The Statute of Frauds and the Fork in the Road
11.17.2020
“When you come to a fork in the road, take it,” is one of the more bemusing statements attributed to the late Lawrence Peter Berra. According to the Yogi Berra Museum, Yogi really meant what he said, for the fork was unusual in that no matter which direction you chose, you would end up at his house. If only the Statute of Frauds were that simple.
In that spirit I will start with a little driving hypothetical:
Suppose that you’re one of those drivers who think that the amber light means “step on it to beat the red,” but, alas, the signal turns too soon and you get clipped for both speeding and running a red light. A lot of potential points on the license, you think, not to mention a hefty insurance premium increase. You might draw a kindly judge who believes that the traffic enforcement people are persecuting you, but you do not want to take chances, so you come in with a legal argument: of the two infractions, running the red light was the more particular one – since the purpose of the law was to get you to stop in this particular place, not just to slow down generally – and therefore only it, and not the speeding prohibition, should apply. You will lose because the two provisions were intended to apply independently so as to deter different kinds of conduct, even if a driver might engage in both simultaneously.
When a set of facts implicates two separate rules or provisions, a court is generally supposed to apply both if possible rather than to pick one and ignore the other. That is what should have happened, but did not, in the Appellate Division, Second Department, in Korman v. Corbett.1 Some may see this case as a major change in the law of the statute of frauds as applied to real property contracts. I prefer to see it as an erroneous statutory analysis that created a faulty precedent.
I. Facts
Mr. & Mrs. Korman were tenants of Mrs. Barnes (ultimately, “Decedent”). As the court stated:2
Prior to her death, Decedent and the Kormans allegedly entered into an oral agreement whereby the Kormans would provide Decedent, who required substantial assistance with activities of daily living, with home care services for the duration of her lifetime. In exchange for such services, the Kormans allegedly were to receive an option to purchase the subject property from Decedent’s estate for the agreed-upon price of $1.2 million. It is undisputed that the Kormans provided necessary care to Decedent and maintained the property.

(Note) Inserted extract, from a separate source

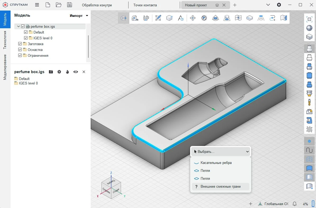 Если сначала выделить замкнутый контур, а затем снова кликнуть по грани контура правой кнопкой мышки, то в меню выбора элементов появится пункт «Изолированные поверхности». Теперь так можно выбрать все поверхности внутри выделенного замкнутого контура, например поверхности профильного кармана.

Although Decedent allegedly took steps to memorialize the alleged oral agreement intention and to include it in a revised will, she died prior to executing any document memorializing her intention. After Decedent’s death . . . the executor of Decedent’s estate . . . refused to honor the claimed oral agreement.
II. Which Statutory Provisions Do or Could Apply?
The court recognized this as a statute of frauds case and framed the question as follows:
At issue on this appeal is whether this action is governed by General Obligations Law § 5-701 or General Obligations Law § 5-703. Resolution of this issue is determinative as to whether the Kormans, if successful, are entitled to specific performance of the agreement alleged in the complaint.
Both of these sections are part of the overall New York statute of frauds, but § 5-703 has an important equitable exception in that a court may compel specific performance, even if the contract was not in writing, as long as there has been partial performance:
3. A contract to devise real property, or . . . any interest therein or right with reference thereto, is void unless the contract or some note of memorandum thereof is in writing . . . .
4. Nothing contained in this section abridges the powers of courts of equity to compel the specific performance of agreements in cases of part performance.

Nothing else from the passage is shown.